### Data block
□ □ □ □ □

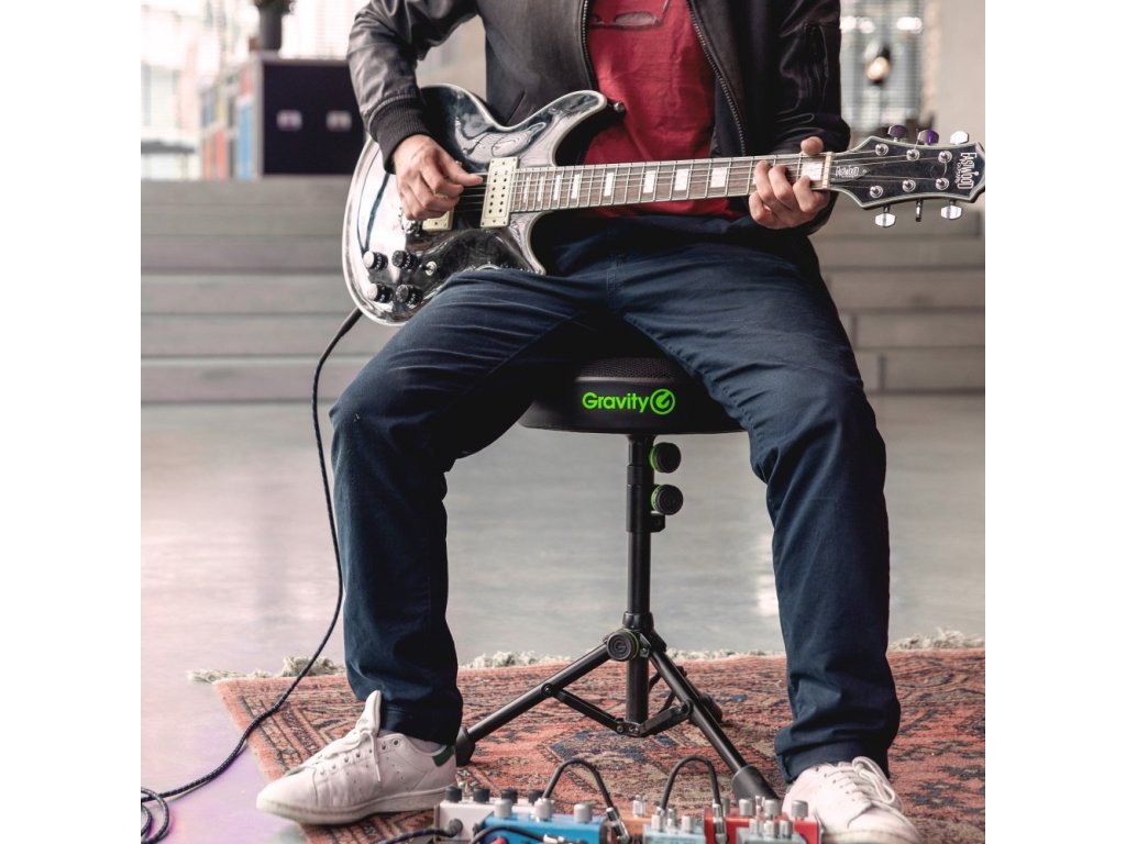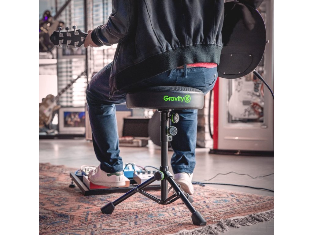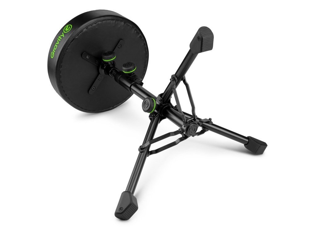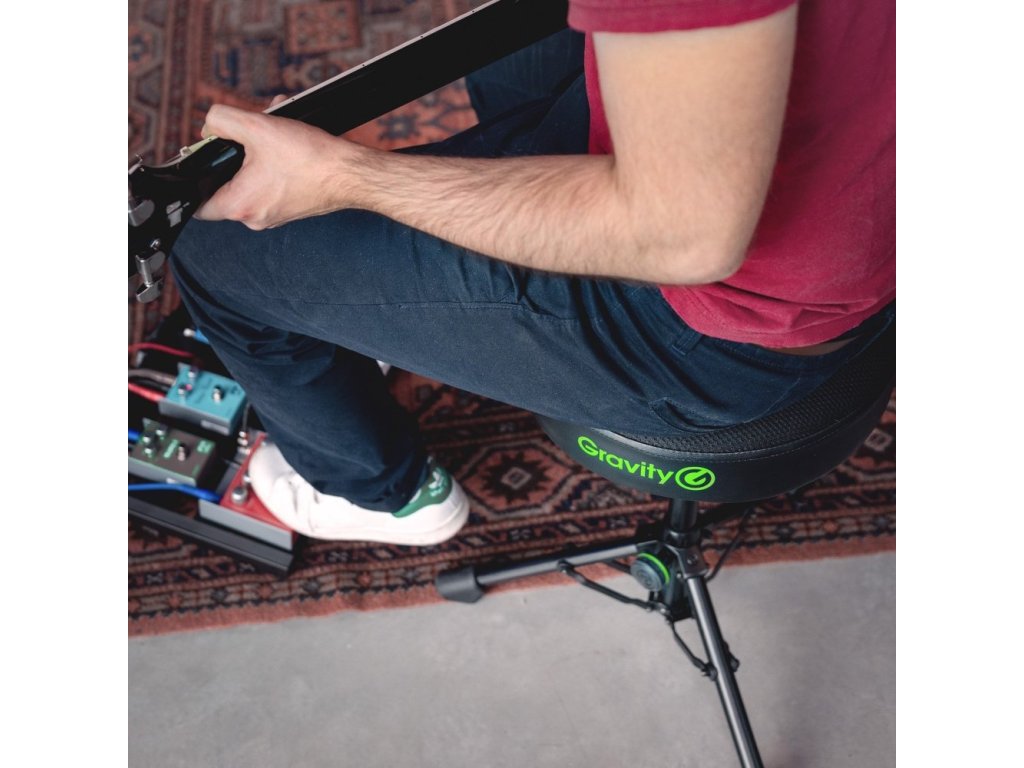 FD SEAT 1 firmy Gravity to okrągłe krzesło dla muzyków do uniwersalnego zastosowania: W studiu, na scenie, w sali prób lub podczas ćwiczeń w domu. Dla perkusistów, gitarzystów, basistów, pianistów, graczy na instrumentach smyczkowych lub dętych. Wyróżnia się specjalnymi cechami typowymi dla marki Gravity. Z jednej strony funkcjonalność siedziska: w przeciwieństwie do większości obecnych modeli innych producentów, nie jest wykonane tylko ze skóry/sztucznej skóry lub tkaniny, ale z mieszanki materiałów. Dzięki temu powierzchnia siedziska jest oddychająca we właściwych miejscach, co znacznie zwiększa komfort. Ponadto ta mieszanka nadaje siedzisku FD SEAT 1 niepowtarzalny i atrakcyjny wygląd, który odróżnia go od innych.
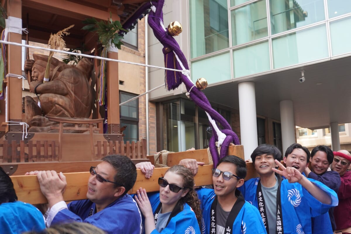 Fakhrul, seorang warga asli Jawa Tengah yang bekerja di Yamanashi sebagai pemagang teknis (ginou jisshu), juga terlihat mengenakan jaket happi dan mencoba membawa mikoshi. “Saya sudah berada di Yamanashi selama dua setengah tahun, tetapi ini pertama kalinya saya membawa mikoshi. Saya terharu melihat begitu banyak orang berpartisipasi, semuanya berbaris rapi, karena pemandangan seperti ini jarang terlihat di Indonesia. Meski akan kembali ke Indonesia dalam enam bulan, saya sangat senang bisa berpartisipasi dalam acara yang memungkinkan saya bisa merasakan nuansa Jepang yang terbaik,” katanya.
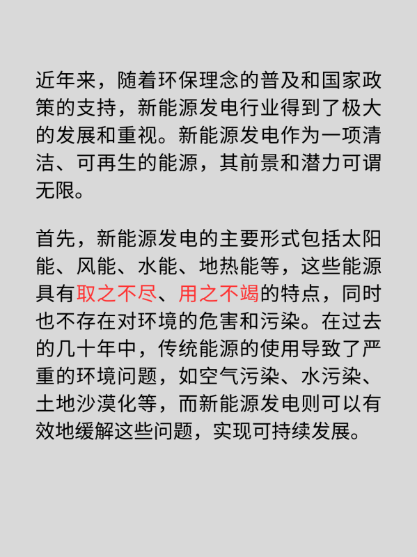 首先,新能源发电的主要形式包括太阳能、风能、水能、地热能等,这些能源具有取之不尽、用之不竭的特点,同时也不存在对环境的危害和污染。在过去的几十年中,传统能源的使用导致了严重的环境问题,如空气污染、水污染、土地沙漠化等,而新能源发电则可以有效地缓解这些问题,实现可持续发展。

□ □ □ □ □

### Your instructions
All the material above should be written out exactly, with images omitted.

### Answer space
 FD SEAT 1 firmy Gravity to okrągłe krzesło dla muzyków do uniwersalnego zastosowania: W studiu, na scenie, w sali prób lub podczas ćwiczeń w domu. Dla perkusistów, gitarzystów, basistów, pianistów, graczy na instrumentach smyczkowych lub dętych. Wyróżnia się specjalnymi cechami typowymi dla marki Gravity. Z jednej strony funkcjonalność siedziska: w przeciwieństwie do większości obecnych modeli innych producentów, nie jest wykonane tylko ze skóry/sztucznej skóry lub tkaniny, ale z mieszanki materiałów. Dzięki temu powierzchnia siedziska jest oddychająca we właściwych miejscach, co znacznie zwiększa komfort. Ponadto ta mieszanka nadaje siedzisku FD SEAT 1 niepowtarzalny i atrakcyjny wygląd, który odróżnia go od innych.
 Fakhrul, seorang warga asli Jawa Tengah yang bekerja di Yamanashi sebagai pemagang teknis (ginou jisshu), juga terlihat mengenakan jaket happi dan mencoba membawa mikoshi. “Saya sudah berada di Yamanashi selama dua setengah tahun, tetapi ini pertama kalinya saya membawa mikoshi. Saya terharu melihat begitu banyak orang berpartisipasi, semuanya berbaris rapi, karena pemandangan seperti ini jarang terlihat di Indonesia. Meski akan kembali ke Indonesia dalam enam bulan, saya sangat senang bisa berpartisipasi dalam acara yang memungkinkan saya bisa merasakan nuansa Jepang yang terbaik,” katanya.
 首先,新能源发电的主要形式包括太阳能、风能、水能、地热能等,这些能源具有取之不尽、用之不竭的特点,同时也不存在对环境的危害和污染。在过去的几十年中,传统能源的使用导致了严重的环境问题,如空气污染、水污染、土地沙漠化等,而新能源发电则可以有效地缓解这些问题,实现可持续发展。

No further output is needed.